Would you return the lines between the one holding "Ponožky, 5 párov, s motívmi medveďa a líšky" and the one holding "woven leather belt", inclusive, and only those, exactly as they stand in the listing below?

[[ Data to examine, beginning ]]

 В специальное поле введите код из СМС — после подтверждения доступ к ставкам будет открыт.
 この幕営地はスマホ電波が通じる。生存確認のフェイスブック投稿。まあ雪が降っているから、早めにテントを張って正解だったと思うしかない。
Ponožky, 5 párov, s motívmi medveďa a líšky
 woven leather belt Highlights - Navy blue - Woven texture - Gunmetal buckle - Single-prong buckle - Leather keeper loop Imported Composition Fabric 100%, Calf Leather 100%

[[ Data to examine, end ]]
[[ Data to examine, beginning ]]

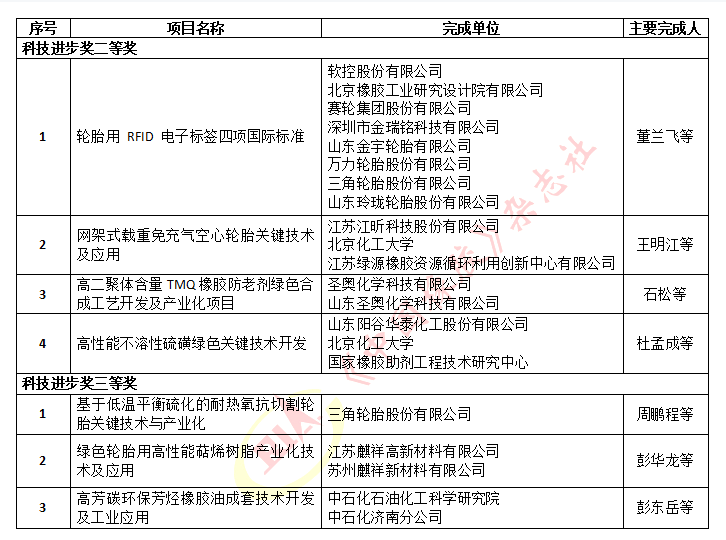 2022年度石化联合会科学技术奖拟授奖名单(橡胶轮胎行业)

[[ Data to examine, end ]]

◆ Exercise solution ◆
Ponožky, 5 párov, s motívmi medveďa a líšky
 woven leather belt Highlights - Navy blue - Woven texture - Gunmetal buckle - Single-prong buckle - Leather keeper loop Imported Composition Fabric 100%, Calf Leather 100%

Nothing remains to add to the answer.